Effect of Furnishing False Information — Section 7(5) and 7(6)
# Effect of Furnishing False or Incorrect Information / Suppression of Material Fact
The Act treats falsehood at the time of incorporation and falsehood post-incorporation as two distinct fact-patterns with overlapping but different consequences. Both are linked to Section 447 (punishment for fraud) — but the post-incorporation case also opens up an entire menu of corrective orders by the Tribunal.
## Comparative Table
Aspect
Section 7(5) — During Incorporation
Section 7(6) — Post Incorporation
When the falsehood occurs
While filing documents for registration
After the company has been incorporated
Who is liable
The person who furnishes false particulars/suppresses material info, of which he is aware
(a) Promoters, (b) Persons named as first directors, (c) Persons making the Section 7 declaration
Action triggered
Action for fraud under Section 447
Action for fraud under Section 447+ orders by Tribunal
Tribunal powers
None specific under 7(5)
Wide powers (see below)
## Tribunal's Powers under Section 7(7) — Post Incorporation Cases
On an application, if the Tribunal is satisfied that the situation so warrants, it may:
1. Regulate the management of the company, including changes (if any) in its memorandum and articles, in the public interest or in the interest of the company and its members and creditors;
2. Direct that the liability of members shall be unlimited;
3. Direct removal of the name of the company from the register;
4. Pass an order of winding up of the company;
5. Pass such other orders as it may deem fit.

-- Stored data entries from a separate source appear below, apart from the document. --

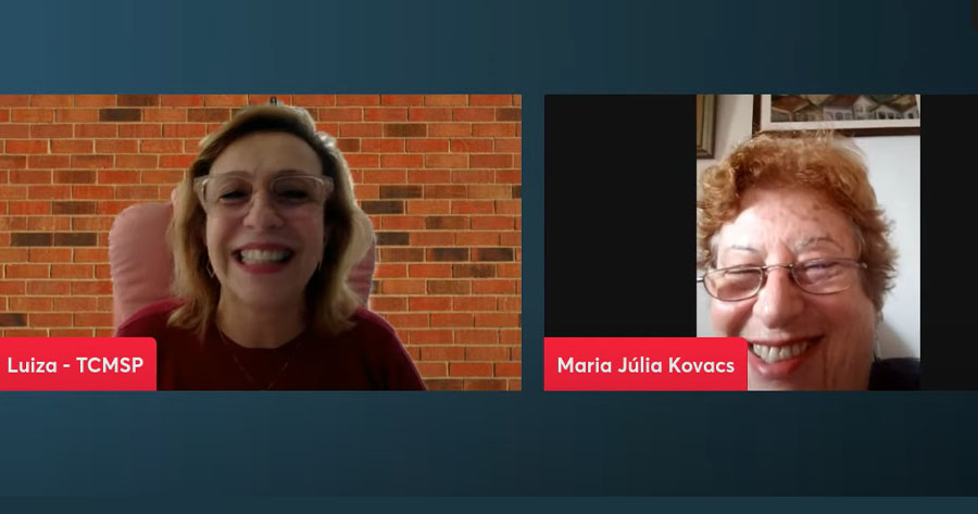 Para falar sobre um assunto sensível, como o processo do luto e suas especificidades, o programa Ecos do Comportamento recebeu terça-feira (28/05) a psicóloga Maria Júlia Kovács, professora do Instituto de Psicologia da Universidade de São Paulo (USP) e membro fundador do Laboratório de Estudos sobre a Morte. O evento foi apresentado ao vivo e teve transmissão pelo canal do YouTube da Escola Superior de Gestão e Contas Públicas (EGC) do Tribunal de Contas do Município de São Paulo (TCMSP).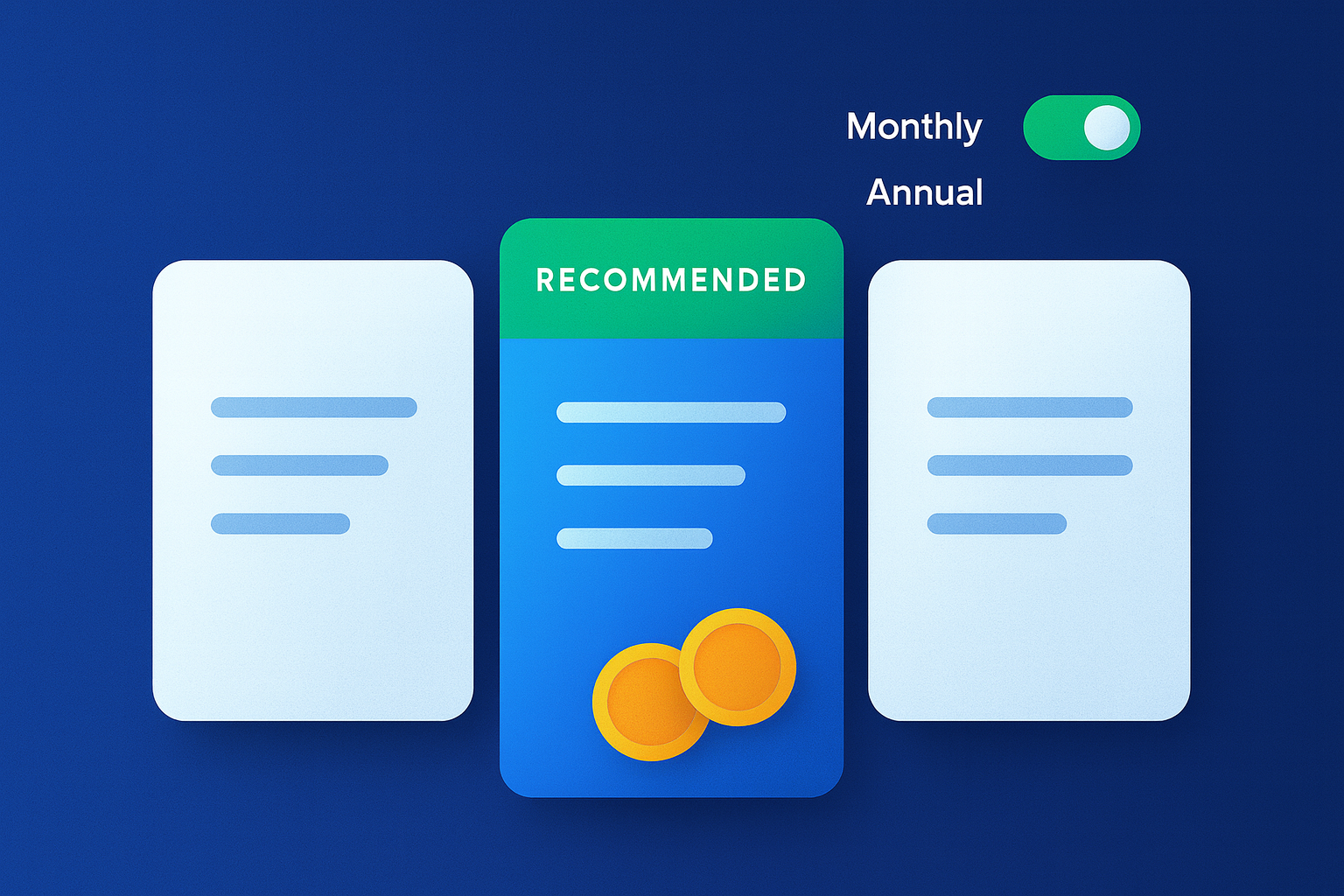 - Value-based comparison: Use a “recommended” plan and highlight feature differences users actually care about.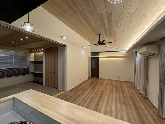 先週、完成内覧会を行いました。久しぶりの平屋の内覧会で勾配天井に桐材を使用して、調質効果を高めたデザイン性のある空間に仕上がりました。間接照明も取り入れて夜の空間は落ち着きのあるホテルライクな空間になったかなと思います。安らぎのある眠りやすい空間でした。和室も和モダンな雰囲気で一部間接照明を設定しております。洗面化粧台の方は造作で既製品を利用しながらアレンジしております。玄関の方のシューズクロークを分けることで広がりのある空間になります。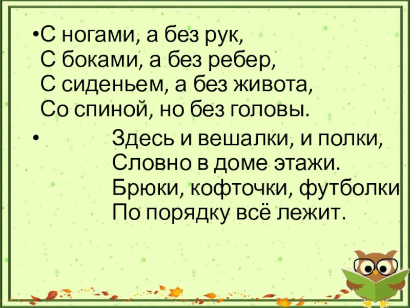 Здесь и вешалки, и полки, Словно в доме этажи. Брюки, кофточки, футболки По порядку всё лежит.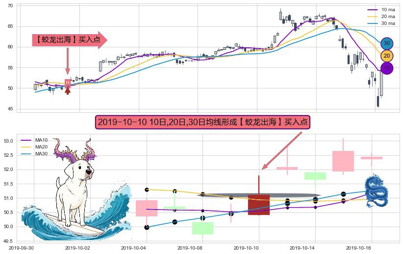 ⚀ 2019-10-10日显现 10日-20日-30日均线 【蛟龙出海】买入点 看多信号,后市看涨,买入
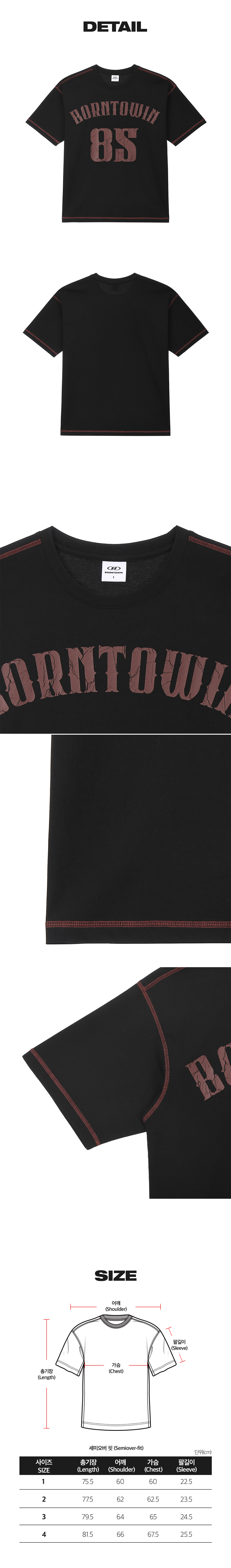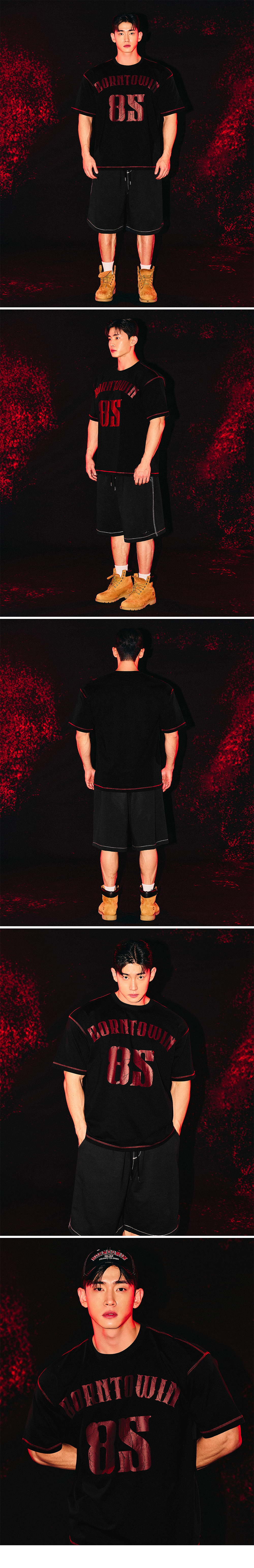 본투윈 레드 스티치 세미 오버핏 티셔츠 블랙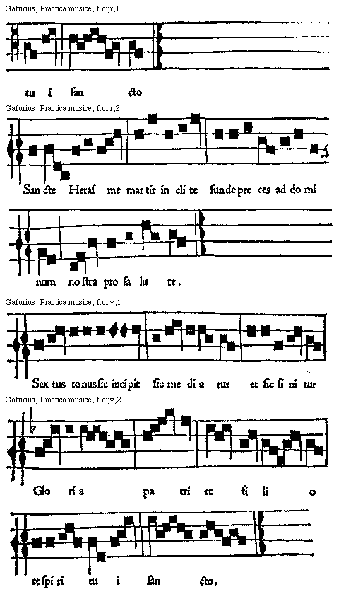 [f.cijv]est. Cuius psalmodia incipitur in vnisono procedens his syllabis fa sol la; vt hic. [Gafurius, Practica musice, f.cijv,1; text: Sextus tonus sic incipt mediatur et finitur]
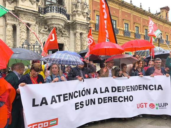 La Unión de Jubilados y Pensionistas de UGT Andalucía (UJP-UGT Andalucía), junto a representantes de CCOO Andalucía, ha mantenido este martes una reunión con la secretaria general del PSOE de Andalucía y candidata a la presidencia de la Junta, María Jesús Montero, en la sede del partido, en la que han trasladado la preocupación por la grave situación que atraviesan las personas mayores y dependientes en la comunidad autónoma.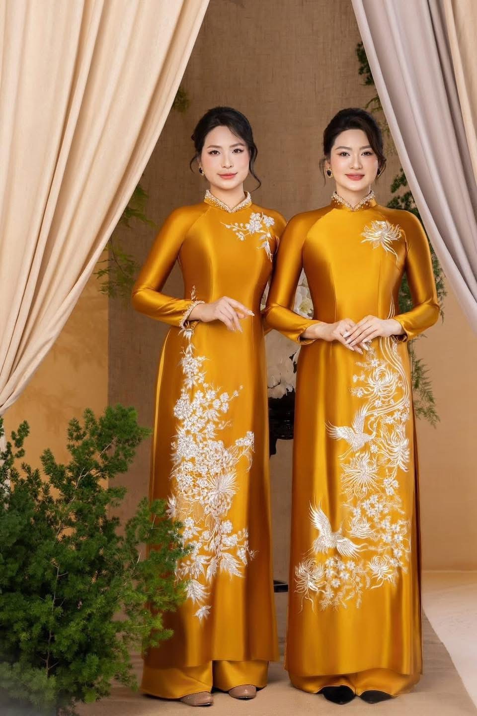 Áo dài bà sui lụa vàng hoàng kim thêu hoa – hạc là lựa chọn hoàn hảo cho những gia đình yêu cầu sự sang trọng, đồng bộ và đúng chuẩn lễ nghi, góp phần tôn vinh hình ảnh người mẹ, người sui phúc hậu – quyền quý – đầy khí chất trong ngày vui trọng đại.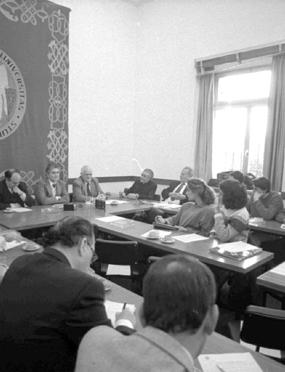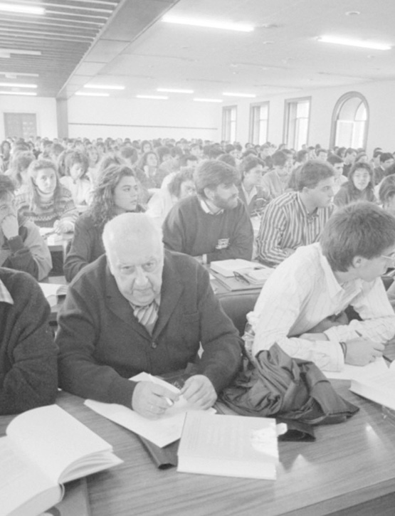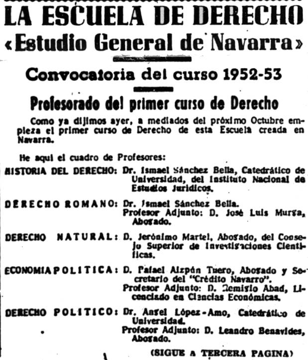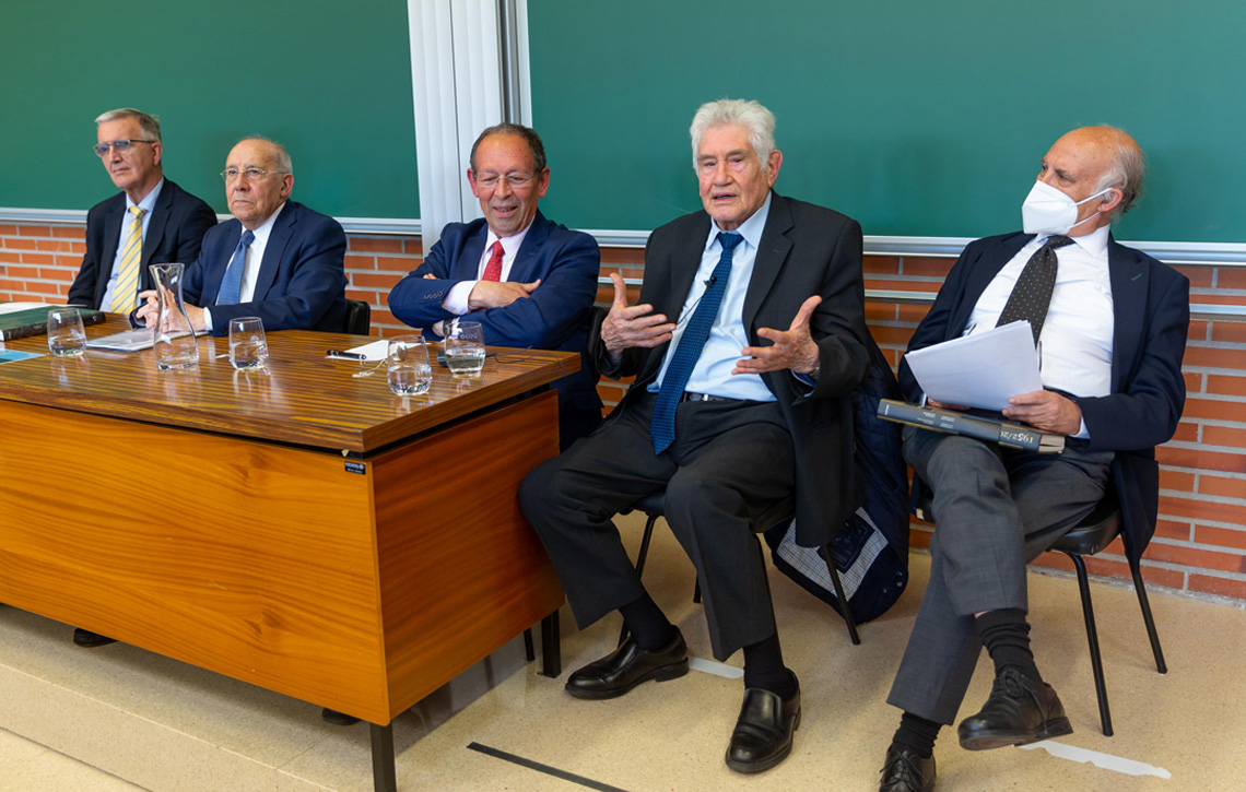 Juan Fornés, catedrático de Derecho Canónico, repasó todos los decanos que había tenido la facultad. El testimonio de Fornés se remontó hasta 1957 año en que él comenzaba sus estudios de Derecho en el Estudio General de Navarra, ahora Cámara de Comptos. Citó la figura de don Ismael Sánchez Bella, que dejó su puesto como profesor en la Universidad de Rosario (Argentina) para abordar la labor de iniciar la Escuela de Derecho. Fornés leyó parte de la correspondencia en la que el propio Sánchez Bella notificaba que la diputación había concedido 155.000 pesetas para poner en marcha la Universidad. “Yo necesito 266.500 pesetas. ¿Qué haremos? ¿Pedir una subvención?, cuestionaba entonces.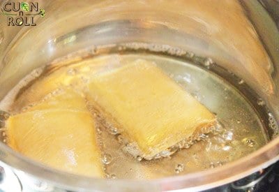 – Đun nóng nồi nhỏ, đổ dầu vào, đợi dầu nóng thả từng miếng phù trúc vào chiên đến khi vàng đều hai mặt.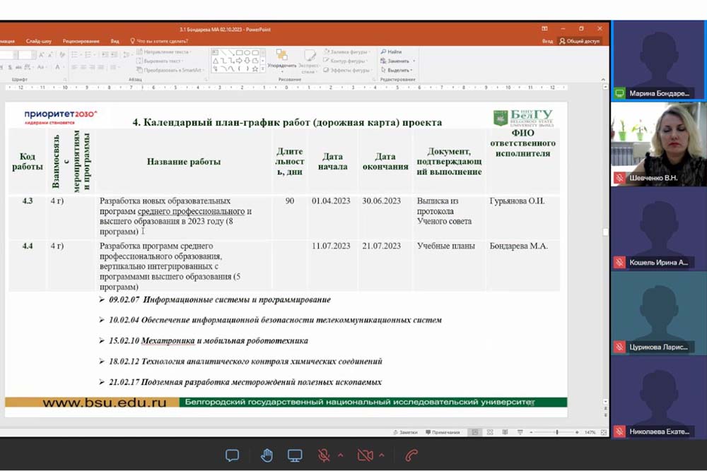 Одним из приоритетов НИУ «БелГУ» в рамках стратпроекта «Лидеры будущего» является развитие системы инженерного и естественнонаучного образования. Как отметила руководитель проекта – начальник учебно-методического управления департамента образовательной политики Марина Бондарева, к ноябрю 2024 года доля обучающихся по программам инженерного и естественно-научного направлений должна составить не менее 55% от общего числа студентов вуза, а число «целевиков» – увеличиться до 23,8%.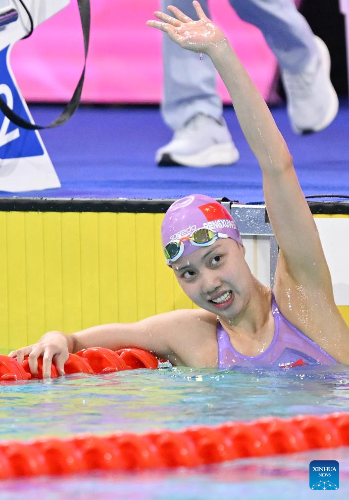 Peng Xuwei of Hubei reacts after the women's 100m backstroke final of swimming at China's 15th National Games in Shenzhen, south China's Guangdong Province, Nov. 12, 2025. (Xinhua/Du Yu)
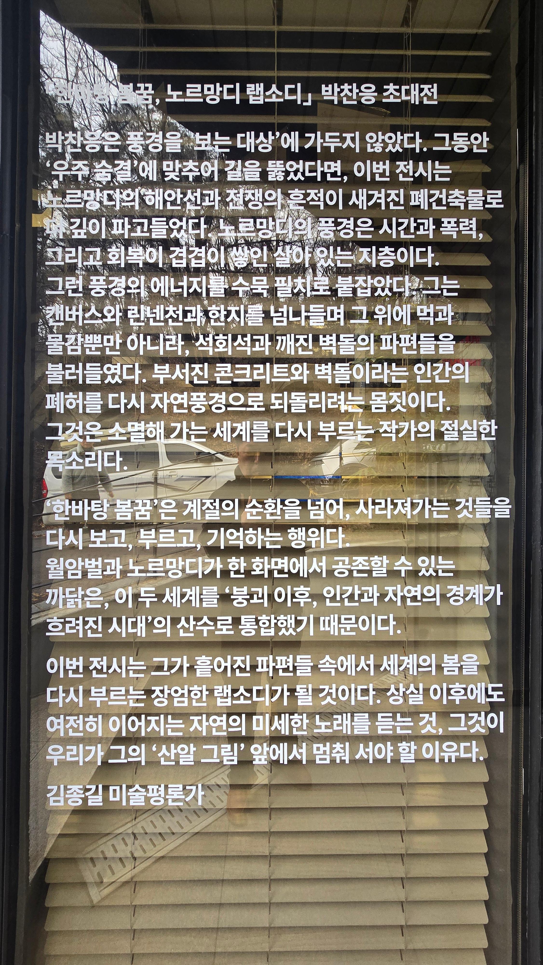 박찬응은 풍경을 ‘보는 대상’에 가두지 않았다. 그동안 ‘우주 숨결’에 맞추어 길(道)을 뚫었다면, 이번 전시는 노르망디의 해안선과 전쟁의 흔적이 새겨진 폐건축물로 더 깊이 파고들었다. 노르망디의 풍경은 시간과 폭력, 그리고 회복이 겹겹이 쌓인 살아 있는 지층이다. 그런 풍경의 에너지를 수묵 필치로 붙잡았다.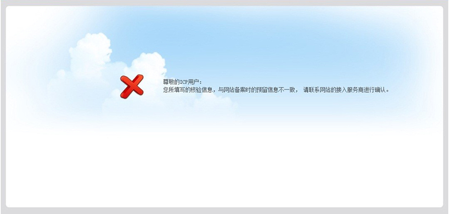 2.若 24小時(shí)內(nèi)沒有進(jìn)行驗(yàn)證或驗(yàn)證失敗,備案信息將會(huì)自動(dòng)退回。分為以下兩種情況: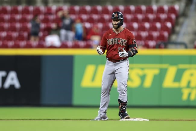Diamondbacks: Scheduled to start LHP Madison Bumgarner (2-5, 3.64 ERA) in the opener Friday of a weekend series at Philadelphia. Bumgarner pitched four innings against the Reds on Monday, allowing four runs and eight hits. RHP Zack Wheeler (4-3, 3.14 ERA) is the probable starter for the Phillies. Wheeler surrendered two runs and six hits through six innings with nine strikeouts in beating the Los Angeles Angels on Saturday.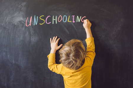 Homeschooling. Child pointing at word Homeschooling on a blackboard.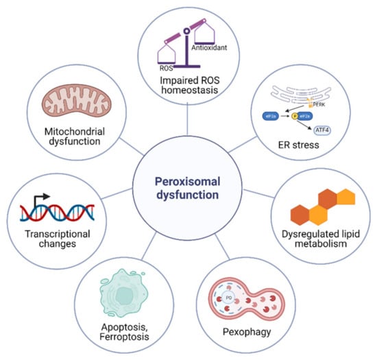 Given the essential roles of peroxisomes in cellular and metabolic homeostasis [,], it is not surprising to find that peroxisomal dysfunction is strongly linked to the loss of redox homeostasis, dysregulated lipid metabolism, mitochondrial dysfunction, altered gene expression, and elevated ER stress and cell death. More recently, it has become clear that peroxisome deficiency can also alter functions of specific subcellular organelles [,,], such as mitochondria, endoplasmic reticulum (ER), and lysosome. Peroxisomal stress signals can also be transduced from peroxisomes to the nucleus, as peroxisomal dysfunction often induces global transcriptional changes [,]. Thus, similar to other organelle stress pathways (e.g., ER stress), there are specific peroxisomal stress response pathways that allow eukaryotic cells to cope with malfunctioning peroxisomes [].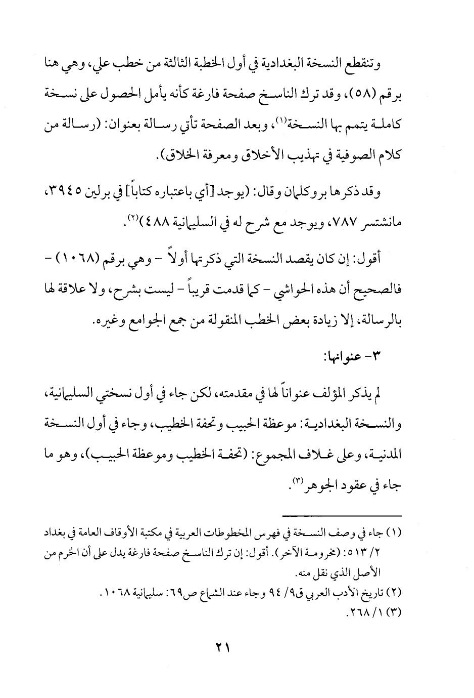وتنقطع النسخة البغدادية في أول الخطبة الثالثة من خطب علي، وهي هنا برقم (58)، وقد ترك الناسخ صفحة فارغة كأنه يأمل الحصول على نسخة كاملة يتمم بها النسخة (¬1)، وبعد الصفحة تأتي رسالة بعنوان: (رسالة من كلام الصوفية في تهذيب الأخلاق ومعرفة الخلاق).

## Safeguards Before the Tribunal Orders
Before making any such order:
1. The company shall be given a reasonable opportunity of being heard; and
2. The Tribunal shall take into consideration the transactions entered into by the company, including the obligations contracted or payment of any liability.
This ensures that innocent third parties who have transacted with the company are not unfairly prejudiced.
## Section 447 in a nutshell
Fraud under Section 447 attracts imprisonment of 6 months to 10 years and fine equal to amount involved, extendable up to 3 times — and where the fraud involves public interest, the minimum imprisonment is 3 years.
Worked example
### Example 1
Example — Section 7(5): A promoter, while filing the SPICe+ form, knowingly submits a forged identity proof of a subscriber. The company gets incorporated. Later, the truth comes out. Only that person (the one who knowingly furnished the false particulars) is liable under Section 447. The company itself is not (yet) facing winding-up because the fraud was caught at the incorporation stage.
### Example 2
Example — Section 7(6): A company files an annual return concealing that two of its directors are disqualified. This is post-incorporation suppression. The promoters, first directors and the declarant are each liable under Section 447. In addition, an application to NCLT may result in (i) winding up, (ii) unlimited liability of members, or (iii) striking off — depending on facts. Before passing any order, NCLT must hear the company and consider its existing contracts (e.g., obligations to bona fide creditors).
⚠️ Common exam mistakes
Treating Section 7(5) and 7(6) as the same. The trigger event (incorporation vs post-incorporation) and the persons in the dock are different.
Forgetting that under 7(6), the Tribunal can make members' liability unlimited — a powerful and unusual remedy.
Believing the Tribunal can simply wind up the company without hearing it. Reasonable opportunity of being heard is mandatory.
Confusing 'fraud under Section 447' with civil penalty — Section 447 is a criminal offence with imprisonment.
Assuming the Tribunal must protect creditors automatically. It is statutorily required to consider transactions and obligations before ordering — but creditors should still appear and place their interests before NCLT.
Bare-Act text Section 7(5), 7(6) and 7(7) · Companies Act, 2013 · click to expand
(5) Without prejudice to the provisions of sub-section (6) where, at any time after the incorporation of a company, it is proved that the company has been got incorporated by furnishing any false or incorrect information or representation or by suppressing any material fact or information in any of the documents or declaration filed or made for incorporating such company, or by any fraudulent action, the promoters, the persons named as the first directors of the company and the persons making declaration under clause (b) of sub-section (1) shall each be liable for action under section 447. (7) Without prejudice to the provisions of sub-section (6), where a company has been got incorporated by furnishing any false or incorrect information... the Tribunal may, on an application made to it, on being satisfied that the situation so warrants,— (a) pass such orders, as it may think fit, for regulation of the management of the company including changes, if any, in its memorandum and articles, in public interest or in the interest of the company and its members and creditors; or (b) direct that liability of the members shall be unlimited; or (c) direct removal of the name of the company from the register of companies; or (d) pass an order for the winding up of the company; or (e) pass such other orders as it may deem fit: Provided that before making any order,— (i) the company shall be given a reasonable opportunity of being heard in the matter; and (ii) the Tribunal shall take into consideration the transactions entered into by the company, including the obligations, if any, contracted or payment of any liability.